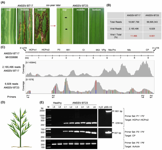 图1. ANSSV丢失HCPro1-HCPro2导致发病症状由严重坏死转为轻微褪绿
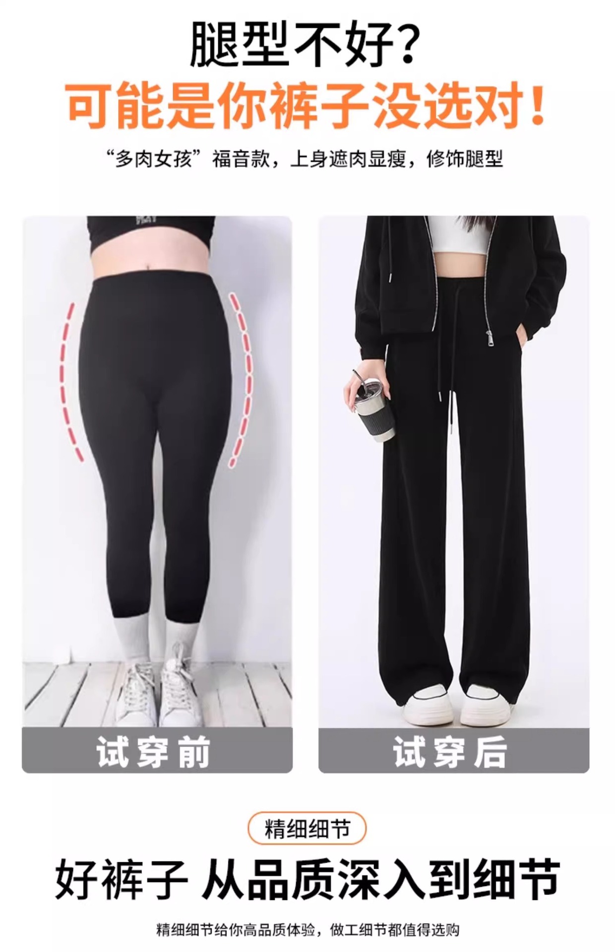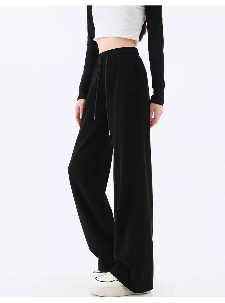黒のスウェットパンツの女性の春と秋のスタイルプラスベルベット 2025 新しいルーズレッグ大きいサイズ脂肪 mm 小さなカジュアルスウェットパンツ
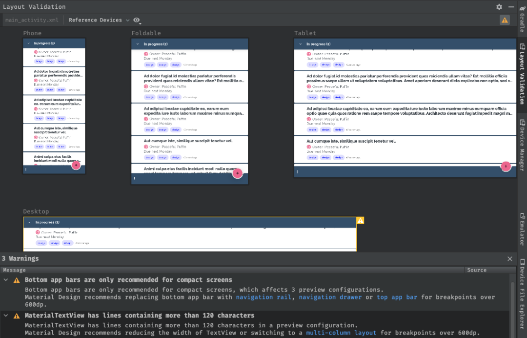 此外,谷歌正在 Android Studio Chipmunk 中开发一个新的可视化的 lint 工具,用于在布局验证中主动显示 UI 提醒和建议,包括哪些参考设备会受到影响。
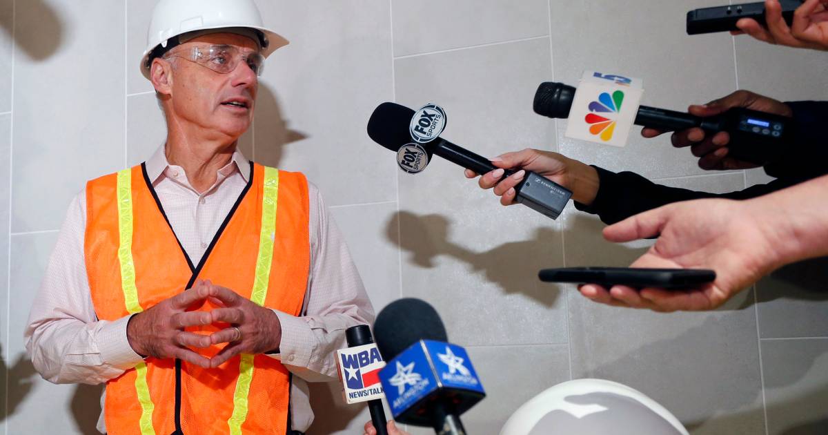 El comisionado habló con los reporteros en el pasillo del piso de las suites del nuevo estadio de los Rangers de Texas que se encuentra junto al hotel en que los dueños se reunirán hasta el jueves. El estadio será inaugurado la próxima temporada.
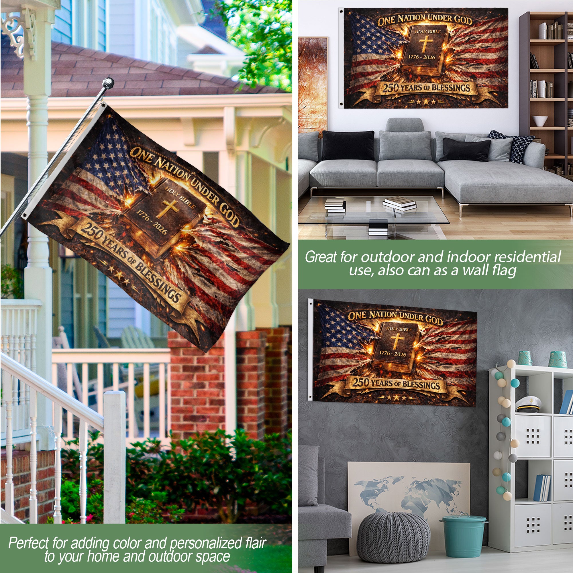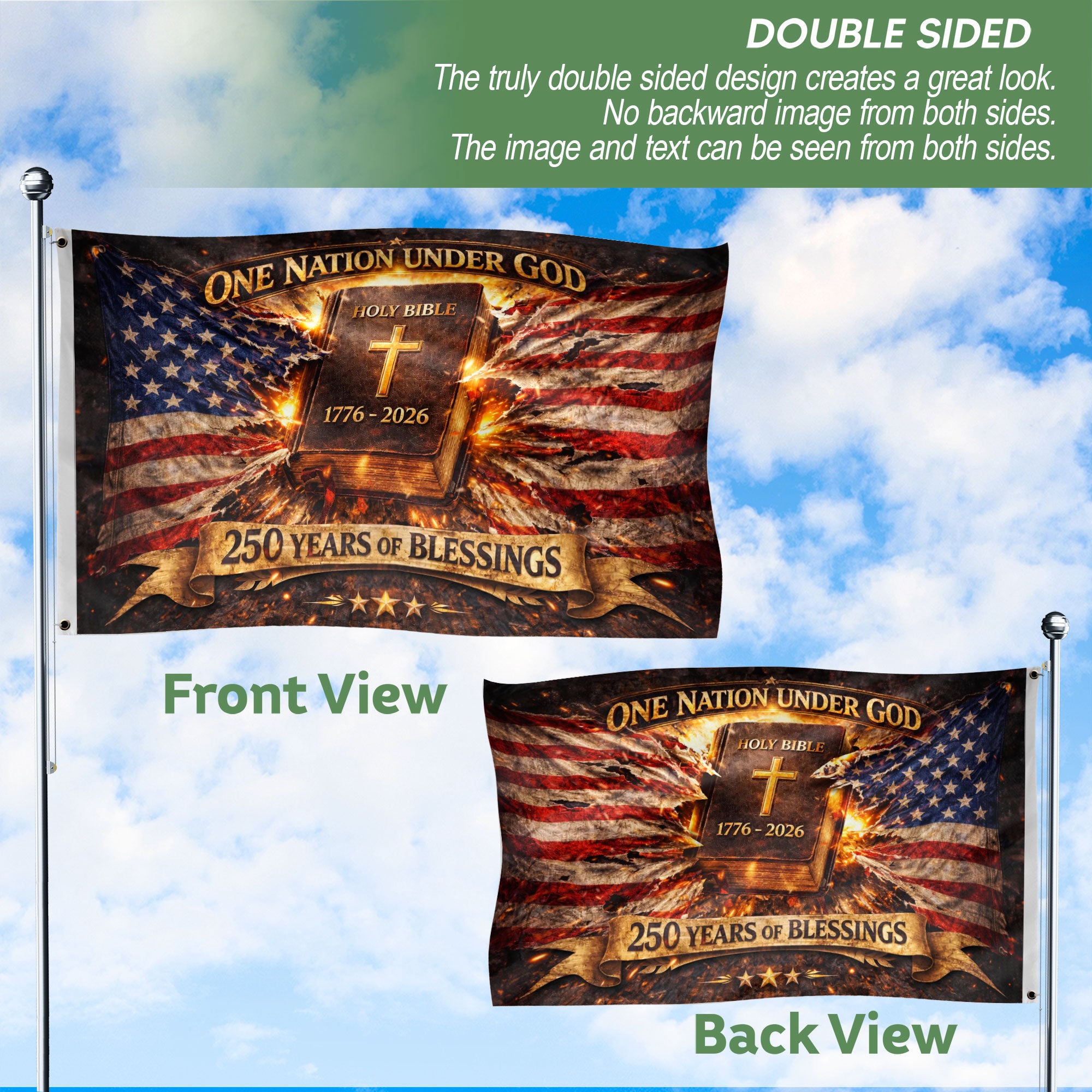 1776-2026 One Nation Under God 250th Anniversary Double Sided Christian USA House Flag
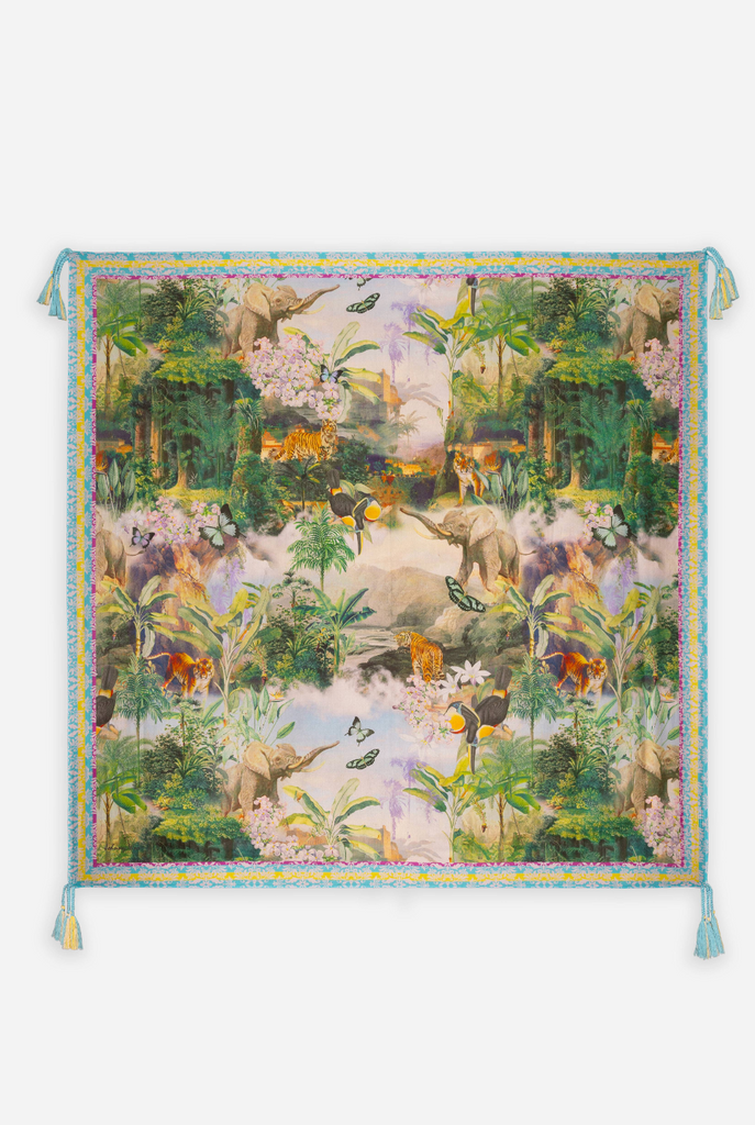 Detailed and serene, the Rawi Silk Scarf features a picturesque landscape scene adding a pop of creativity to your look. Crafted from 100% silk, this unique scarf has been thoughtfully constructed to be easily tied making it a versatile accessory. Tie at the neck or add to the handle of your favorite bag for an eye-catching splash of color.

——————————

**Task goal:** Every line above is to be written out unchanged, with the pictures omitted.

**Your solution:**
 图1. ANSSV丢失HCPro1-HCPro2导致发病症状由严重坏死转为轻微褪绿
黒のスウェットパンツの女性の春と秋のスタイルプラスベルベット 2025 新しいルーズレッグ大きいサイズ脂肪 mm 小さなカジュアルスウェットパンツ
 此外,谷歌正在 Android Studio Chipmunk 中开发一个新的可视化的 lint 工具,用于在布局验证中主动显示 UI 提醒和建议,包括哪些参考设备会受到影响。
 El comisionado habló con los reporteros en el pasillo del piso de las suites del nuevo estadio de los Rangers de Texas que se encuentra junto al hotel en que los dueños se reunirán hasta el jueves. El estadio será inaugurado la próxima temporada.
 1776-2026 One Nation Under God 250th Anniversary Double Sided Christian USA House Flag
 Detailed and serene, the Rawi Silk Scarf features a picturesque landscape scene adding a pop of creativity to your look. Crafted from 100% silk, this unique scarf has been thoughtfully constructed to be easily tied making it a versatile accessory. Tie at the neck or add to the handle of your favorite bag for an eye-catching splash of color.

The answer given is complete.